At Wed, 16 Nov 2011 13:58:26 +0800,
Liu Yuan wrote:
> 
> On 11/16/2011 01:50 PM, MORITA Kazutaka wrote:
> 
> >>>
> >>> We already have a hash function, fnv_64a_buf().  How about using it
> >>> instead of introducing new one?
> >>>
> >>
> >>
> >> When I need a hash function that inputs an integer and outputs an
> >> integer for specified bits, I looked at the fnv_64a_buf(), it seems to
> >> me it tries to hash an string to integer.
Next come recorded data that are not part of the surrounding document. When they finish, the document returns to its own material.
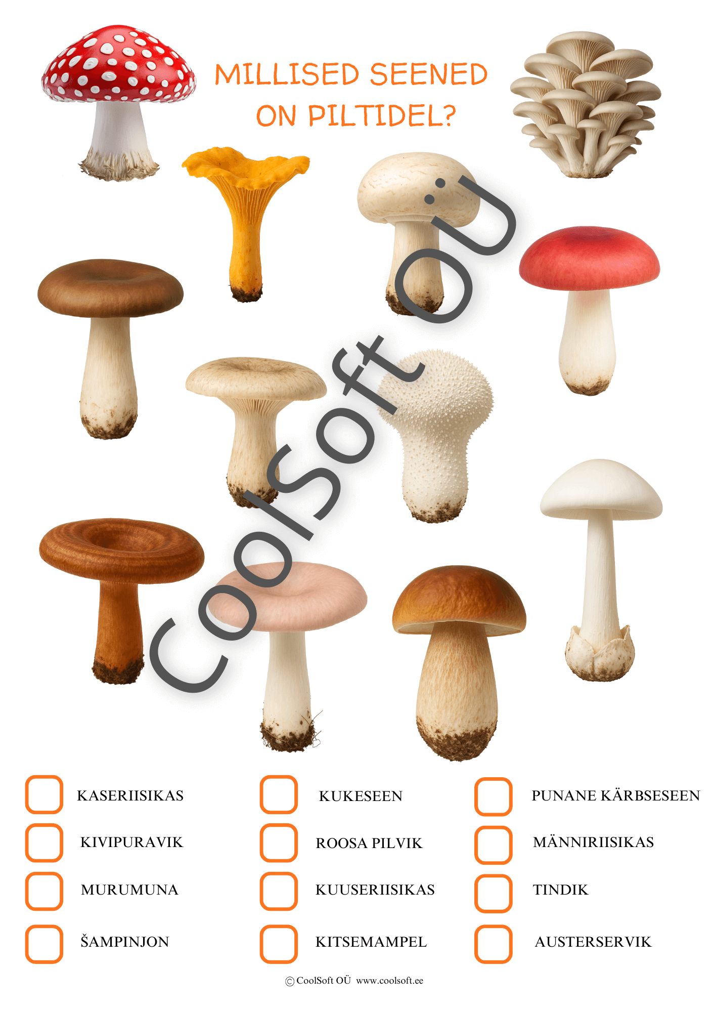 Õpi tundma seeni piltide kaudu. Piltidel on kujutatud järgmised märgistamisele kuuluvad seened: kaseriisikas, kivipuravik, murumuna, šampinjon, kukeseen, roosa pilvik, kuuseriisikas, punane kärbseseen, männiriisikas ja austerservik.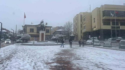 Tavşanlı'da ilçe merkezi ve yüksek kesimler karla kaplandı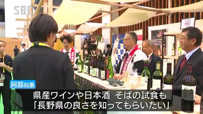 県産のワインや日本酒、そばなどが試食できるブースも設けられ、阿部知事は長野県の良さを知ってもらいたいと話していました。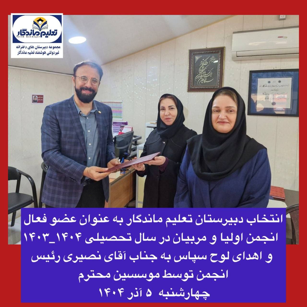 🌱 انجمن اولیا و مربیان، به عنوان پل ارتباطی میان خانوادهها و مدرسه، نقش مهمی در همافزایی و تصمیمگیریهای آموزشی دارد. حضور فعال دبیرستان تعلیم ماندگار در این انجمن، نشاندهندهی اهتمام جدی این مجموعه به مشارکت اجتماعی و تربیتی است.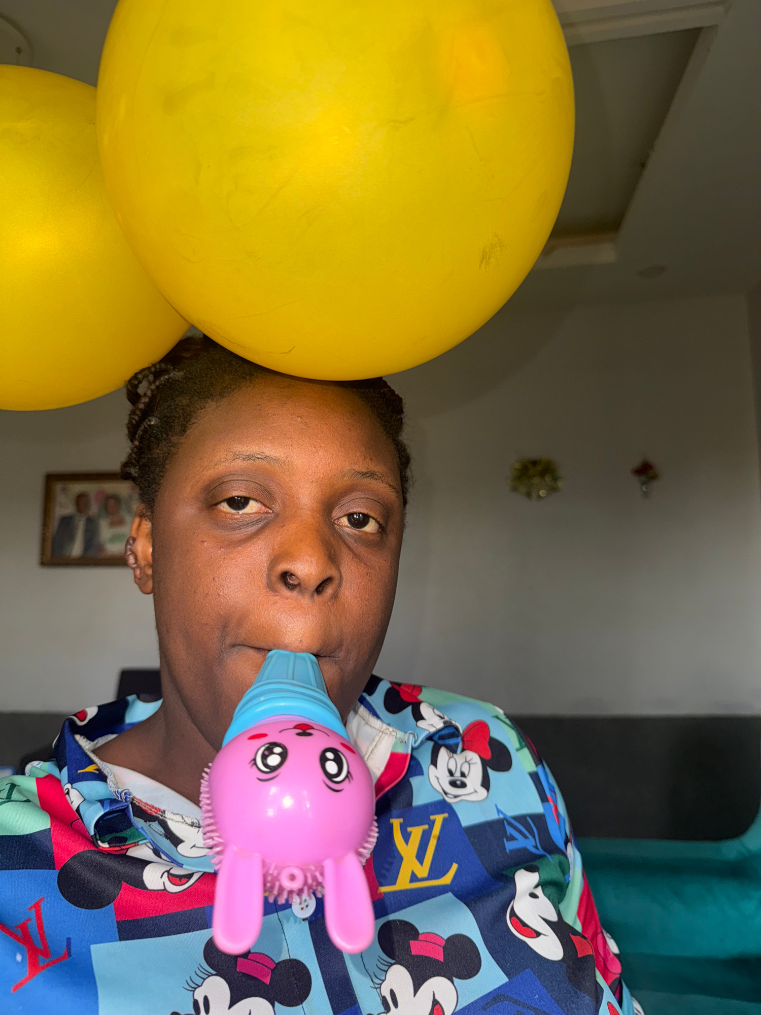 A dark-skinned person is holding a pink toy bunny-shaped bottle to their mouth. Two yellow balloons are to their left. The person is wearing a light blue shirt with cartoon characters. An interior bac…read more

So I think these hash
> >> functions do a different thing, no?
> > 
> > We already use it to calculate a hash value from a 64 bit object id:
> > 
> >   fnv_64a_buf(&oid, sizeof(uint64_t), FNV1A_64_INIT);
> > 
> > I guess this generates a less random value than hash_64(), though.
> 
> 
> Umm, I didn't go over usage close enough, and this interface is more
> named to handle string hash, at least to me.
> 
> So even we use it to hash integer, we need to further bit operation to
> remove extra bits. hash_long(hval, bits) has a nicer and more intuitive
> interface to handle integer.

static inline uint64_t hash_64(uint64_t val, unsigned int bits)
{
        uint64_t hash = fnv_64a_buf(&val, sizeof(uint64_t), FNV1A_64_INIT);

        return hash >> (64 - bits);
}

Isn't this good for you?

> 
> How about coexisting these two? fnv_64a_buf() is supposed to handle
> string hash and hash_long() is supposed to handle integer otherwise.

If you need a better randomized function for integers, I'm not against
introducing a new hash.  But otherwise, FNV hash looks enough to me.